(TASK TO COMPLETE) Print the records below exactly, from the line containing "I did a competitive" down to the line containing "B.经验的课程 C.实验的课程 D.体验的课程", both lines included, and omit every picture.

(Stored data entries)
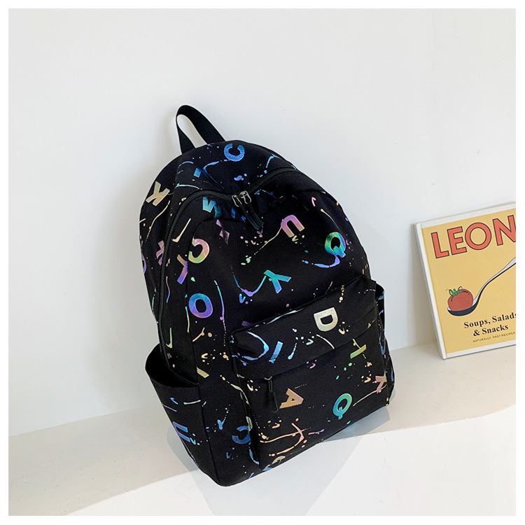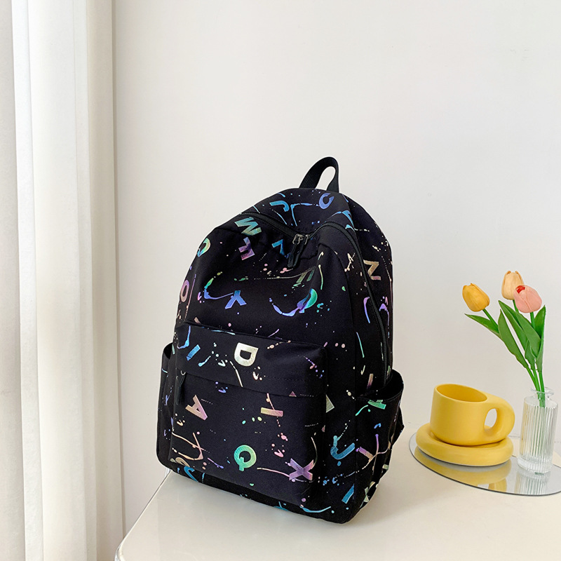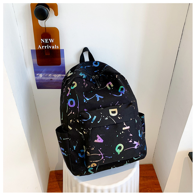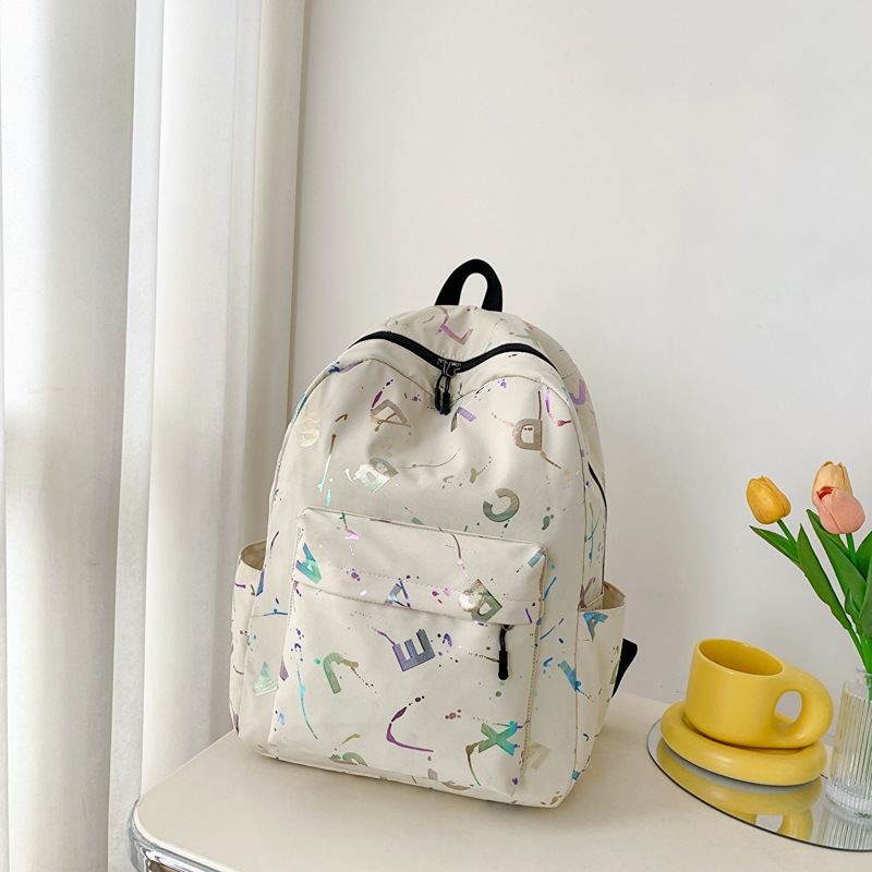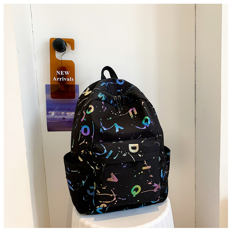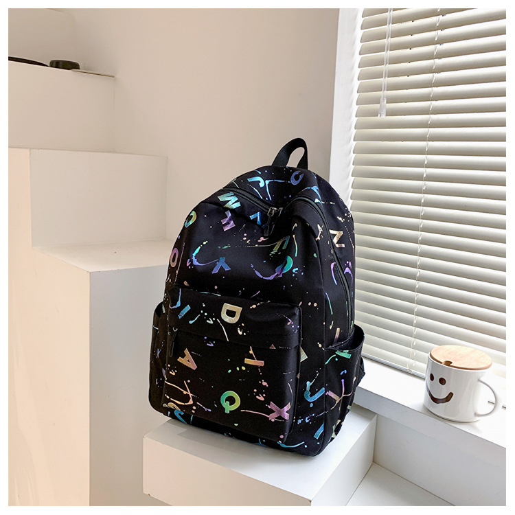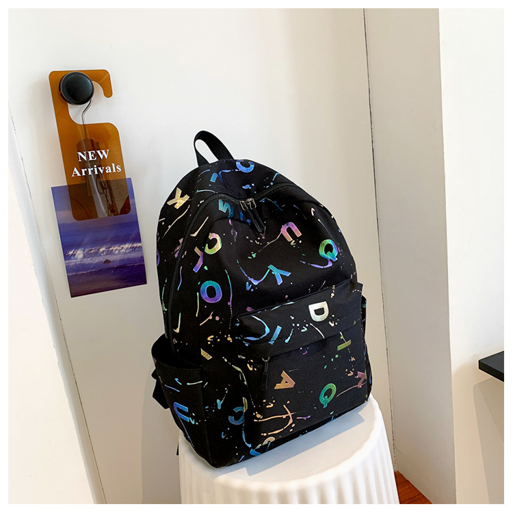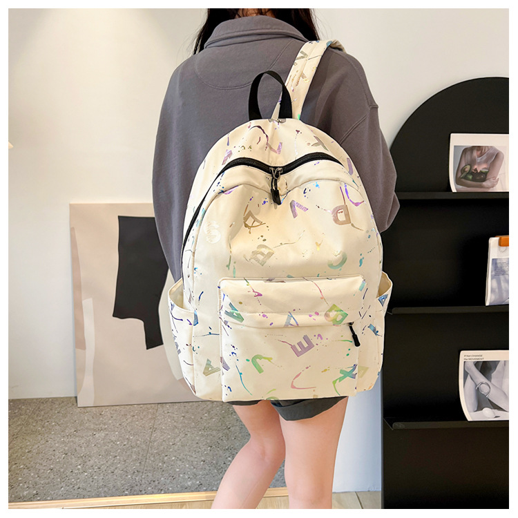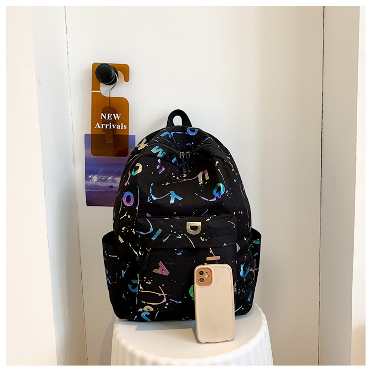 印花双肩包女韩版中学生书包简约大容量旅行背包休闲初高中生书包
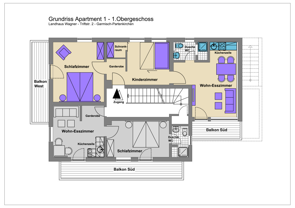 Die moderne Ferienwohnung in Garmisch-Partenkirchen bietet ihnen genügend Platz für bis zu 4 Personen. Ein Schlafzimmer mit Doppelbett und einen Lesesessel und Leselampe und Zugang zum Südwest-Balkon mit herrlichem Blick auf das Kramermassiv und den Waxenstein und die Alpspitze. In der kleinen Garderobe am Eingang der Ferienwohnung, können sie ihre Straßenkleidung ablegen. Das 2. Schlafzimmer (Kinderzimmer) ist mit zwei Betten (davon ein Ausziehbett 200 cm x 90 cm) und einem begehbaren Kleiderschrank ausgestattet. Im Badezimmer befindet sich eine geräumige Dusche, ein WC und ein Waschbecken, sowie ein Kosmetikspiegel und ein Föhn. Die Küchenzeile, im großen Wohn- / Essbereich, ist mit einer Spülmaschine, Cerankochfeld, Mikrowelle, Kühlschrank, Wasserkocher, Toaster und Kaffeemaschine und allen notwendigen Utensilien die man zum Kochen benötigt ausgestattet. Im Wohnbereich der Ferienwohnung, können Sie es sich auf dem Sofa, mit einer kuscheligen Decke gemütlich machen, Fernsehen oder einen Film genießen. Der Südbalkon des Wohnzimmers eignet sich hervorragend zum Frühstücken und einen Blick auf das Wettersteingebirge zu werfen. Selbstverständlich ist auch ein kostenloser WLAN Zugang vorhanden.
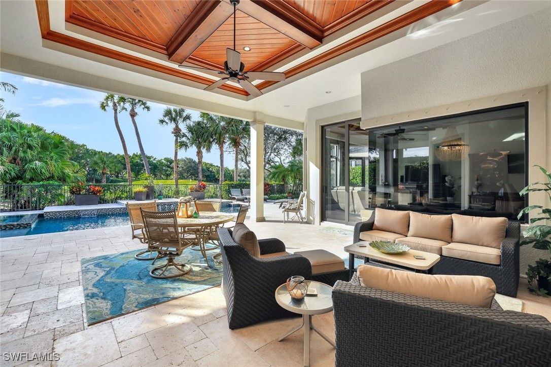 Your Dream Florida Home Awaits! Step into a world of luxury in this stunning custom home in Majorca at Fiddler’s Creek, perfectly situated on a prime golf course lot. You’ll love the spacious bedrooms, each with their own private en-suite bathroom, offering ultimate comfort and privacy. The soaring 12-14 ft ceilings create an open, elegant vibe, while the chef’s kitchen, cozy den, living room, great room, and formal dining area make hosting unforgettable gatherings a breeze. Your backyard is a resort-style paradise, with travertine floors flowing into a covered lanai featuring remote-controlled screens, overlooking the scenic hole 7 green. Dive into the open-air saltwater pool and spa, or fire up the granite outdoor kitchen with dual grills for al fresco dining. Plus, there’s an extra full pool bath for convenience. The primary suite is your personal retreat, boasting dual closets, direct pool access, separate vanities, a Roman shower, and a luxurious soaking tub. You’ll also enjoy practical perks like an air-conditioned 3-car garage, a new tankless water heater, a whole-house generator, and a Kinetico water system. This home comes with high-end furnishings, built-in speakers, powered blinds, and the ease of a maintenance-free community. Enjoy the incredible amenities at Fiddler’s Creek Club, spa, award-winning golf course, fine dining, adult and children’s pools, hot tub, fitness center, tennis/pickleball courts, jogging/ bike paths, and a Marco Island Beach Club membership. Skip the wait for golf with a transferable social membership to the Marriott club! This isn’t just a home- it’s your Naples luxury lifestyle come to life.
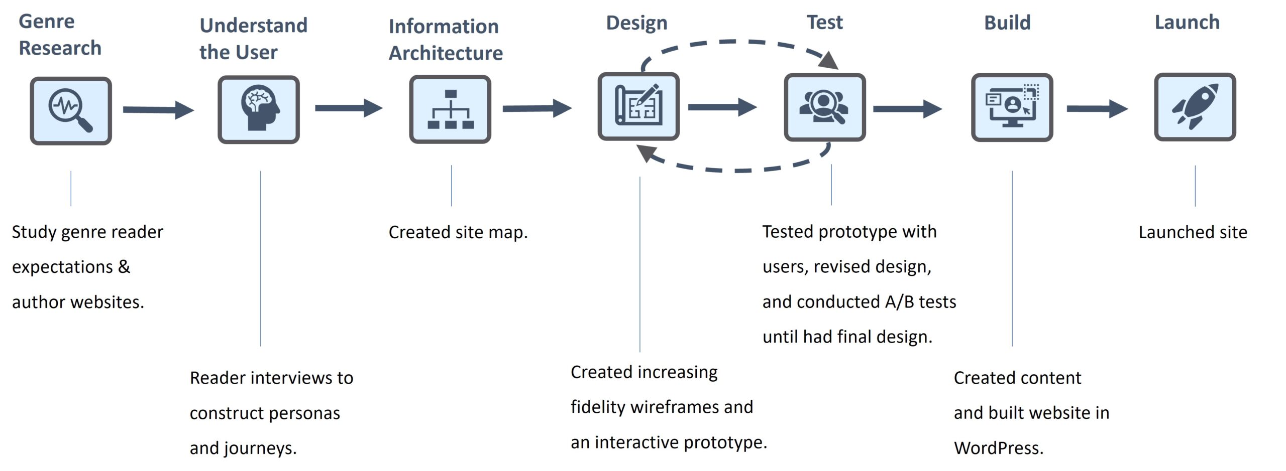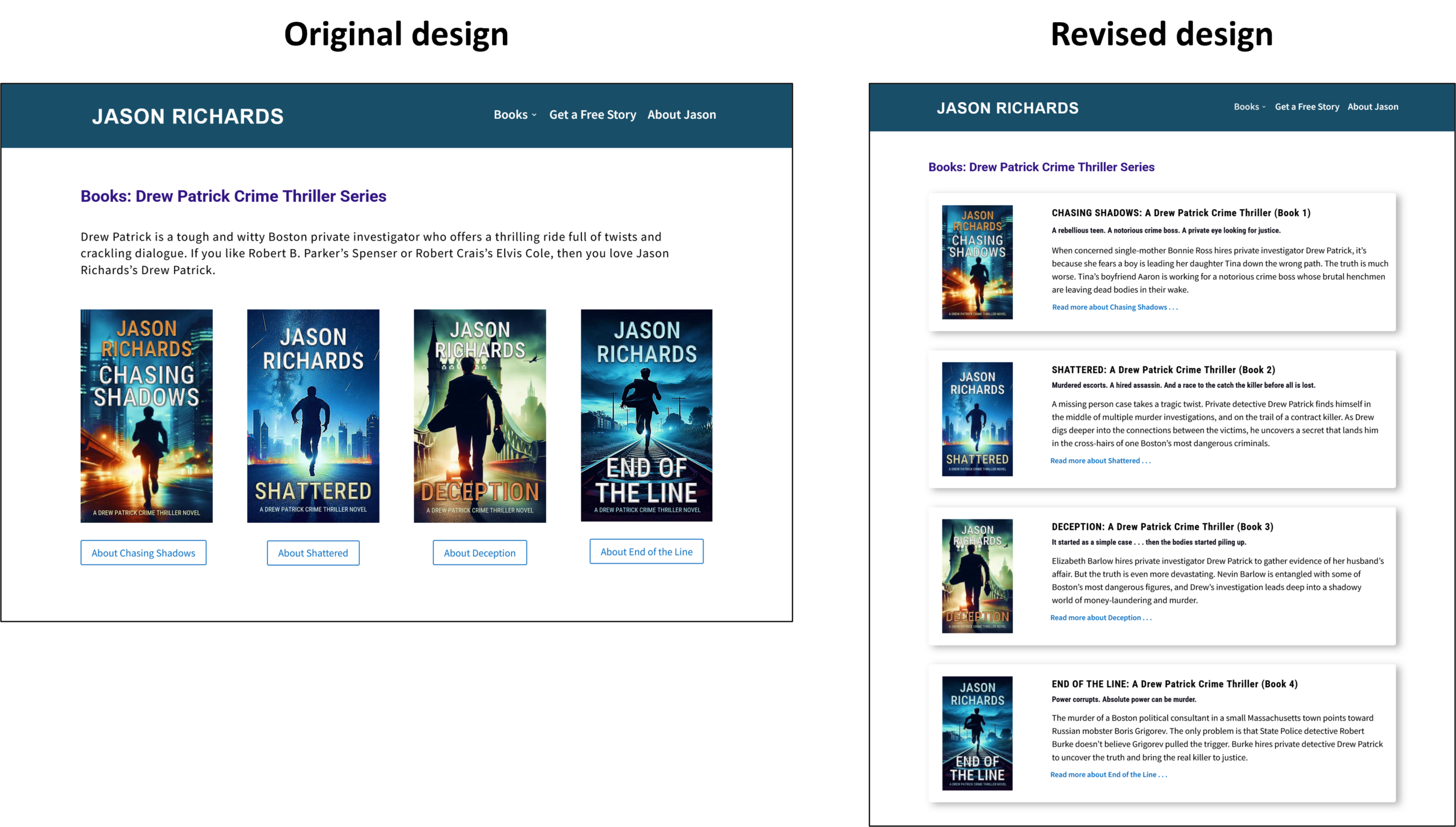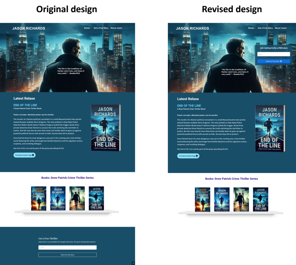 I did a competitive analysis of 3 bestselling independent thriller author websites to get design inspiration and look for points of similarity and difference in thinking about designing Jason’s website.
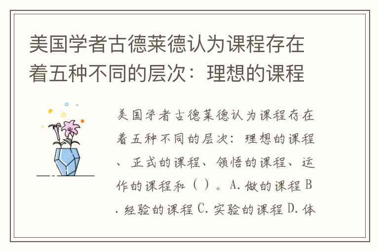 美国学者古德莱德认为课程存在着五种不同的层次:理想的课程、正式的课程、领悟的课程、运作的课程和()。A.做的课程 B.经验的课程 C.实验的课程 D.体验的课程
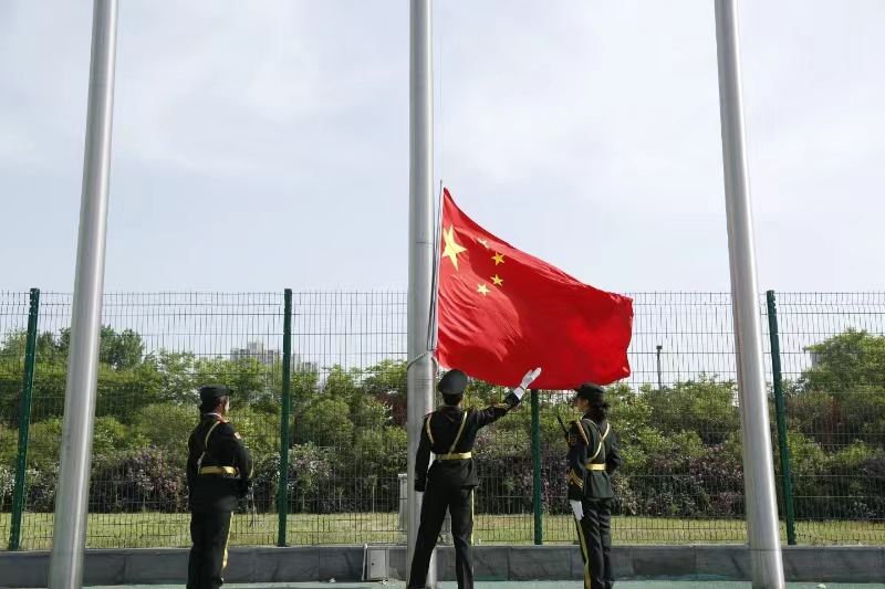 在灿烂的朝阳中,伴随着激昂的运动员进行曲,国旗护卫队、校旗队、彩旗队、裁判员代表队、16个学院学生运动员代表方队和26个教工分工会代表方队依次入场。各方队师生精神抖擞、神采奕奕,充分展现了昂扬向上的精神风貌,现场热闹非凡。精彩的舞龙舞狮表演、衣袂飘飘的《上春山》舞蹈、独具专业特色的“机器狗”表演等亮点纷呈的入场式燃爆全场。入场完毕后的升国旗仪式中,全体师生奏唱国歌,庄严肃穆地注视着五星红旗冉冉升起。
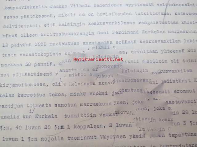 Turun Hovioikeuden päätös Helsingin keskusvankilassa tapahtuneeseen 3 lampaannahan varkauteen varastokopista, johon on kuritushuonevangin O.F.K:n lisäksi
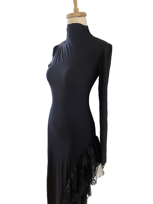 Sol bacak full yırtmaç ve dantel detaylıdır.
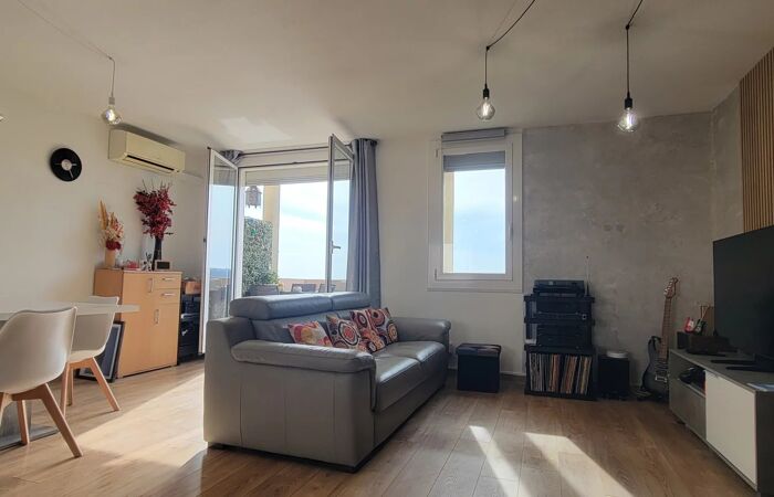 Corniche Fleurie 3 pièces avec terrasse Dans une agréable résidence, superbe Duplex dominant la ville, avec vue dégagée. Composé au niveau inférieur d'un grand séjour sur terrasse ensoleillée, d'une cuisine équipée, au niveau supérieur deux chambres, salle de bains, toilette séparé. Ce bien atypique propose de belles prestations avec la climatisation réversible, volets roulants électrique, double vitrage. Possibilité d'acquérir un garage en plus du prix. Pas de travaux à prévoir Idéal famille, terrain de tennis, de pétanque, jardin d’enfant, potager, espace vert. Le bien bénéficie d’un très bon diagnostic de performance énergétique. Les informations sur les risques auxquels ce bien est exposé sont disponibles sur le site Géorisques : georisques.gouv.fr Pour toutes demandes d'informations et visite, merci de contacter Carl NOCENTINI au +33651186746
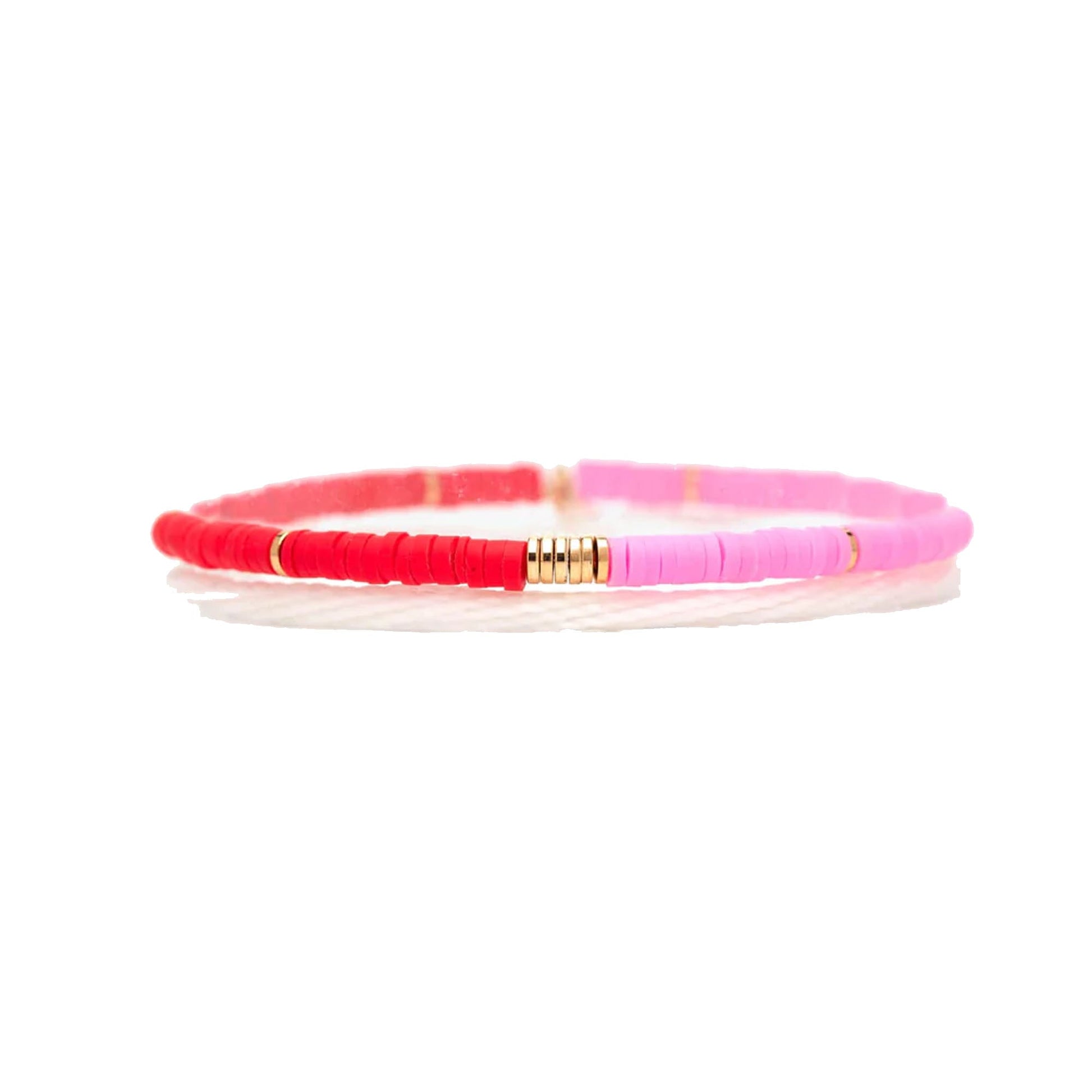 Pura Vida Pink and Red Vinyl Disc Stretch Bracelet

(OUTPUT OF THE EXERCISE)
 I did a competitive analysis of 3 bestselling independent thriller author websites to get design inspiration and look for points of similarity and difference in thinking about designing Jason’s website.
 美国学者古德莱德认为课程存在着五种不同的层次:理想的课程、正式的课程、领悟的课程、运作的课程和()。A.做的课程 B.经验的课程 C.实验的课程 D.体验的课程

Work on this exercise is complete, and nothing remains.